4 Nonyl pheno of embodiment(15)The preparation of ether ring Ethylene Oxide sealing end
0.5mol is added in pressure reaction still(110g)Nonyl phenol and 3.08g potassium hydroxide catalysts, by ethylene oxide Measuring tank is connect with autoclave pressure.Air 3 times in kettle are replaced with nitrogen, treats that kettle temperature rises to 140 DEG C, is passed through 7.5mol (330g) ring Oxidative ethane has led to for 4.5 hours, and the reaction was continued 0.5 hour.Then, slow cooling adds in 0.5mol to 75 DEG C(51g)Carbonic acid third Enester, opens pressure-relief valve, and pressure-relief valve absorbs slot by pipeline and 40% sodium hydrate aqueous solution and connects, reacts 1 hour.Reaction After, cooling adds in acetic acid and neutralizes, and blowing obtains Nonyl pheno(15)Ether ring Ethylene Oxide blocks.
5 Nonyl pheno of embodiment(4)The preparation of ether ring Ethylene Oxide sealing end
1.25mol is added in pressure reaction still(275g)Nonyl phenol and 2.48g sodium hydroxide catalysts, by ethylene oxide Measuring tank is connect with autoclave pressure.Air 3 times in kettle are replaced with nitrogen, treats that kettle temperature rises to 160 DEG C, is passed through 5.0mol (220g) ring Oxidative ethane has led to for 3.5 hours, and the reaction was continued 0.5 hour.Then, slow cooling adds in 1.25mol to 65 DEG C(127.5g)Carbon Acid propylene ester opens pressure-relief valve, and pressure-relief valve absorbs slot by pipeline and 40% sodium hydrate aqueous solution and connects, and reaction 2.5 is small When.After completion of the reaction, it cools down, adds in acetic acid and neutralize, blowing obtains Nonyl pheno(4)Ether ring Ethylene Oxide blocks.

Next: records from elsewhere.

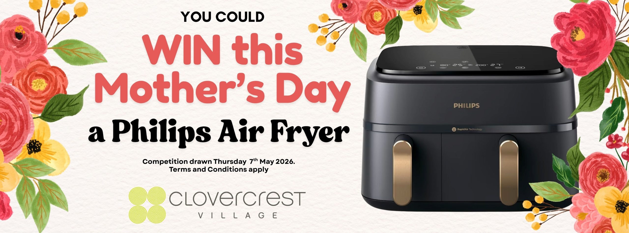 Conditions of entry: Competition closes and is drawn Thursday May 7th 2026. Winners will be notified by phone or email or if entered through Facebook, winner will be notified via Facebook Messenger. Must be 18 years or older to enter. Prize is not transferrable to cash. Traders, employees and their immediate families of Clovercrest Village are not eligible to enter. If winner is un-contactable by email or phone the prize will be redrawn. Prize to be collected by winner from Clovercrest Village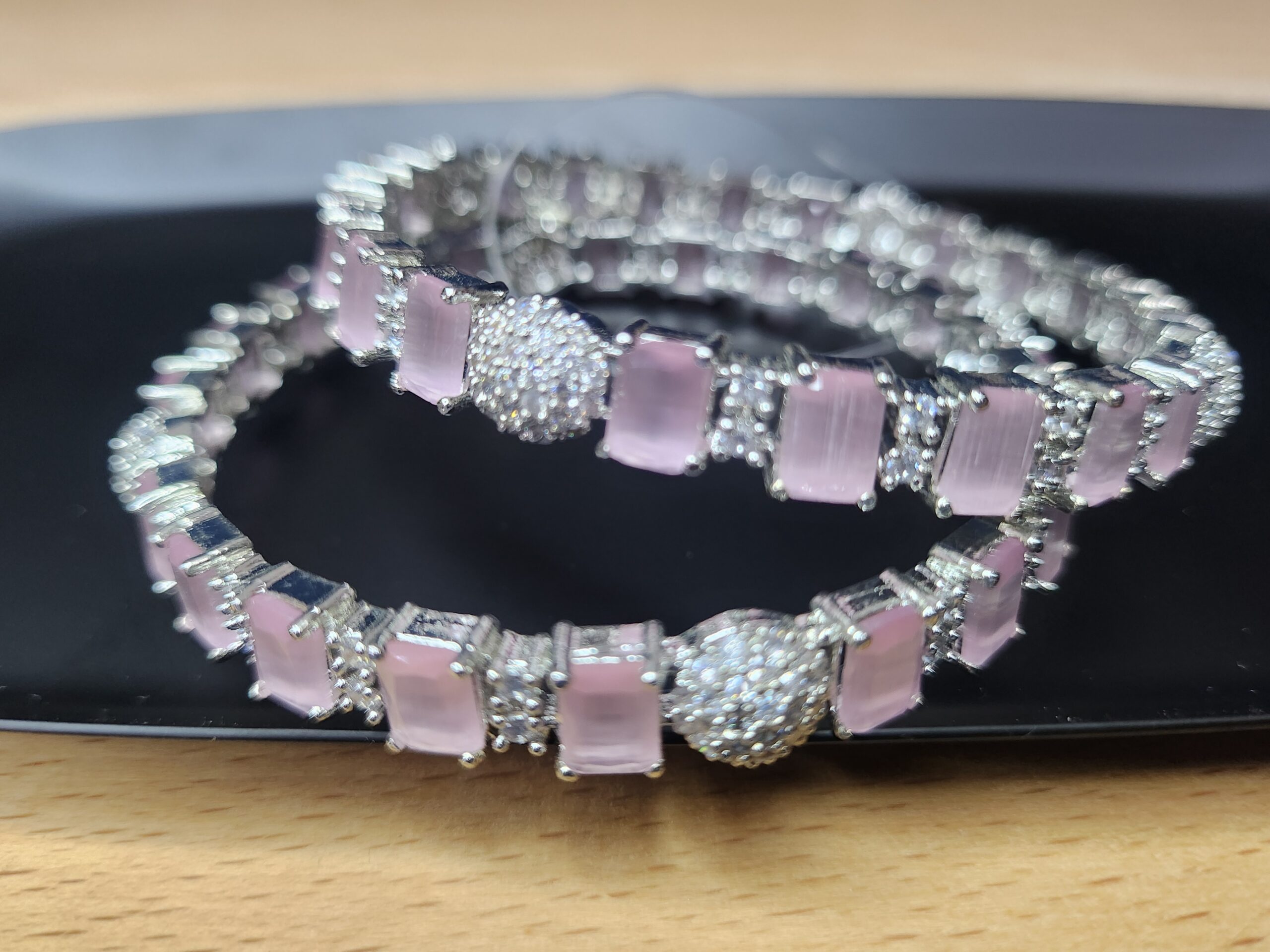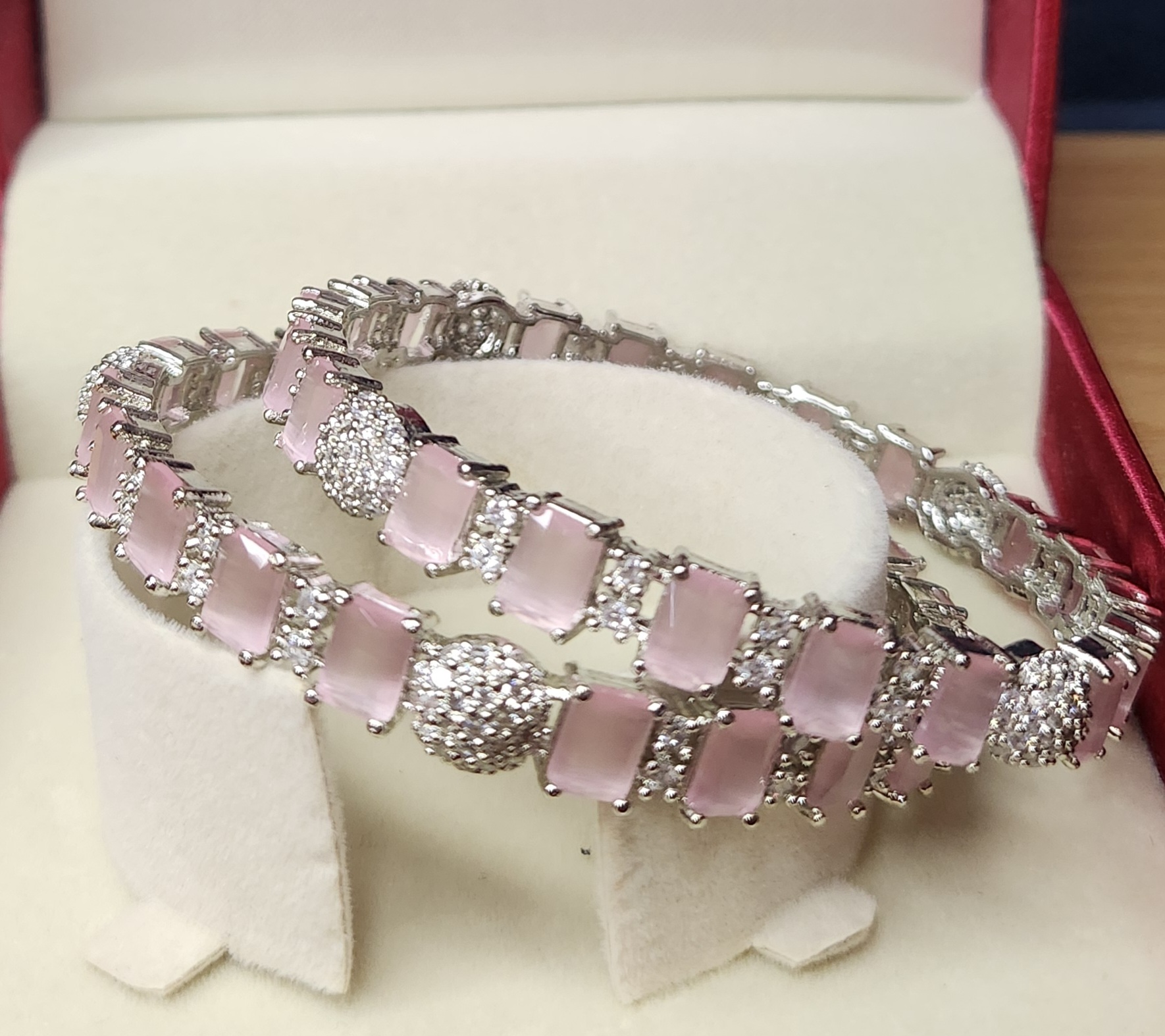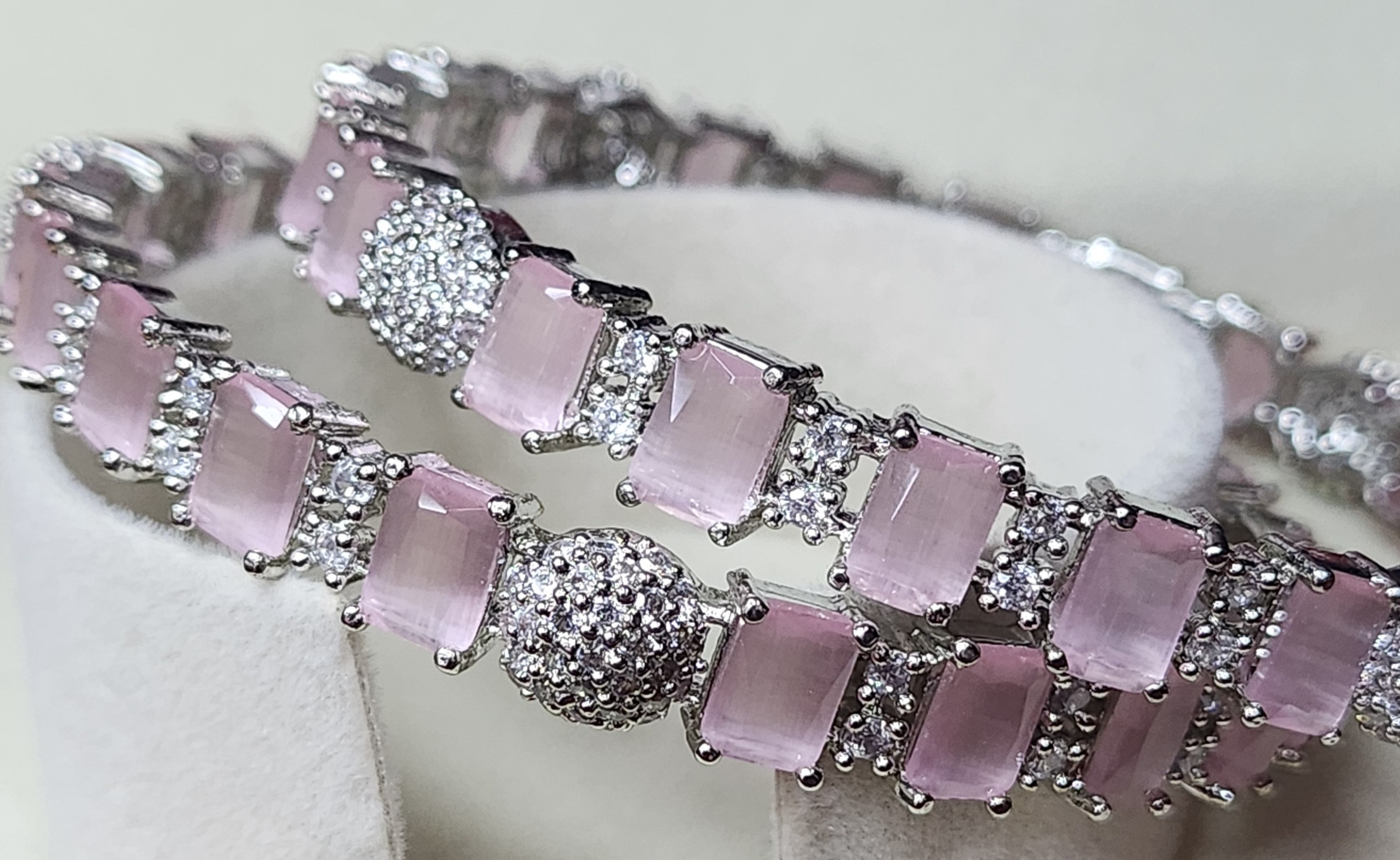 Bangle in Silver Colour with Pink Rectangle Stone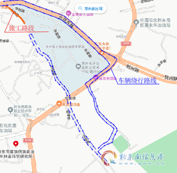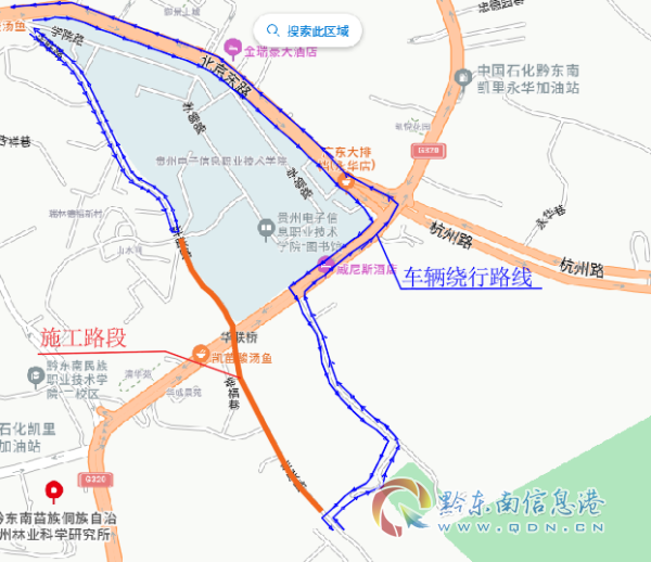 第2阶段:华联路贵州电子信息职业技术学院门口至黔东南州歌舞团门口道路双向封闭。

1 Nonyl pheno of comparative example(15)The preparation of ether
0.5mol is added in pressure reaction still(110g)Nonyl phenol and 3.08g potassium hydroxide catalysts, by ethylene oxide Measuring tank is connect with autoclave pressure.Air 3 times in kettle are replaced with nitrogen, treats that kettle temperature rises to 140 DEG C, is passed through 7.5mol (330g) ring Oxidative ethane has led to for 4.5 hours, and the reaction was continued 0.5 hour.After completion of the reaction, it cools down, release, adds in acetic acid and neutralize, blowing.
2 Nonyl pheno of comparative example(1)The preparation of ether
1.0mol is added in pressure reaction still(220g)Nonyl phenol and 1.06g sodium hydroxide catalysts, by ethylene oxide Measuring tank is connect with autoclave pressure.Air 3 times in kettle are replaced with nitrogen, treats that kettle temperature rises to 100 DEG C, is passed through 1.0mol (44g) ring Oxidative ethane has led to for 1.5 hours, and the reaction was continued 0.5 hour.After completion of the reaction, it cools down, release, adds in acetic acid and neutralize, blowing.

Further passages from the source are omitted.